The other school interprets the job as the “progress” that people want to make in their lives at a high-level. For instance, if you’re in the business of granting home loans, you might say the progress that people want to make is to “make a better home life.” A milkshake has become a symbol of this perspective, referencing Christensen.
I believe these two sides are not mutually exclusive, and there is a place for both. The two main differences I see are around the level of abstraction and the starting point for innovation.
- Level of Abstraction
In any given domain, the jobs people are trying to get done can be seen in a hierarchy. To go up the hierarchy, ask “why?” and ask “how?” to go down.
When working with JTBD, there are three different levels to keep in mind:
- Aspirations — These are the top-level goals an individual seeks or the progress they want to make
- Main job — This is a core functional objective someone wants to accomplish
- Job step — this is a sub-goal of the main job that is a step in the process of getting the job done.
From this view, the two schools of thought are not opposed: they’re just operating on different levels of abstraction. In the home loan example given above, the job performer wants to both “finance a new home” (main job) and “make a better home life” (aspiration) at the same time.
Both are valid perspectives that can inform a solution provider, just operating at different levels of granularity.
The second main difference between the two schools of thought is the order of consideration.
From the jobs-as-progress perspective, you begin with the aspiration to explore ways of increasing demand for a product or service.

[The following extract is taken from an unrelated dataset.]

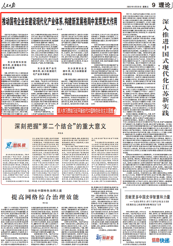 9月20日,《人民日?qǐng)?bào)》理論版刊發(fā)國(guó)務(wù)院國(guó)資委黨委書(shū)記、主任張玉卓署名文章《推動(dòng)國(guó)有企業(yè)在建設(shè)現(xiàn)代化產(chǎn)業(yè)體系、構(gòu)建新發(fā)展格局中發(fā)揮更大作用》,全文分享如下――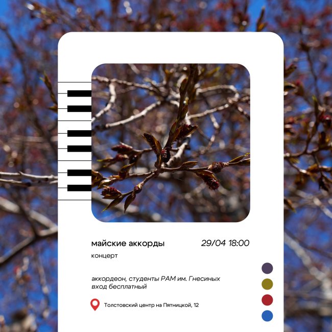 29 апреля (вторник), 18:00 Толстовский центр на Пятницкой, 12 Вход по бесплатным билетам Студенты Российской академии музыки им. Гнесиных выступят в Толстовском центре на Пятницкой! Аккордеонисты класса Марии Власовой — преподавателя, дирижера оркестровых народных инструментов, концертной исполнительницы, постоянной участницы российских и международных конкурсов – примут участие в праздничном концерте «Майские аккорды». В этот вечер для…

In the jobs-as-objective school of thought, you begin with a tactical objective to find new opportunities for innovation.

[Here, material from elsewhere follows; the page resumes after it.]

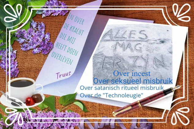 Een klein stukje van mijn levensgeschiedenis. Waarin ik heel veel trauma's heb meegemaakt. Alles mag er zijn. Over incest, over seksueel misbruik, over satanisch ritueel en seksueel misbruik, martelingen en mishandelingen in gods naam. Over de "technoleugie" En over de kracht die mij heeft doen overleven.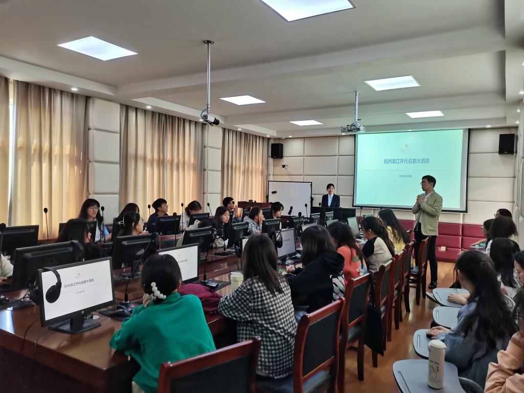 宣讲会上,孙小丹经理首先结合自身在酒店的实际工作经历,讲述了一路成为优秀人事部经理的道路,通过真实故事让同学们了解职位发展的可能性,并鼓励同学们要擅于利用自身英语技能,把握职场中的潜在机会,坚持用发展的眼光看待自己。

The problem I have with starting at a high level — starting with the aspiration — is that there are many many ways in which that need can be fulfilled. Forming better relationships with your spouse might also “make a better home life.” Redecorating an existing house can too, as well as practicing yoga. The list of potential solutions could go on and on.
Beginning with a functional job is, in comparison, more precise. Teams at the home loan provider can then ask, for example, how might better help someone “finance a new home.” The target is more tangible. But more importantly, the influence the team can have to help an individual get a job done better is more direct.
This isn’t to say the aspirations are not relevant: they are, but in a later phase. As a result, my view of JTBD suggests a process: first, focus on the main functional objective people have and solve for that. This will help increase your chances of adoption. Second, while creating the solution and offering around it, consider how speaking to the aspirations can increase market demand.
The cover of my book The JTBD Playbook features imagery that suggests combining schools of thought. The straw symbolizes Christensen’s milkshake marketing and represents the perspective of JTBD as aspirations. The drill bits reference Levitt and represent JTBD as a functional process.
The techniques, or plays, I cover in the book come from both perspectives. I also suggest that you can combine them. For instance, if you created a job map for “financing a new home,” you can prioritize opportunities in that map but looking at points that “make a better home life” and innovating around them.
The bottom line is that working with human needs is a messy business. People in your market don’t come in neat regular packages for you and your team to immediately grasp. As Levitt said in his landmark article “Marketing Myopia”: “Consumers are unpredictable, varied, fickle, stupid, shortsighted, stubborn, and generally bothersome.”
So it’s up to you to sort out the fickleness and unpredictability of the individuals you serve. To do that, you’ll need all the insight you can get, from understanding jobs as progress to analyzing jobs as a process. Ultimately, JTBD lets you say “yes” to the mess.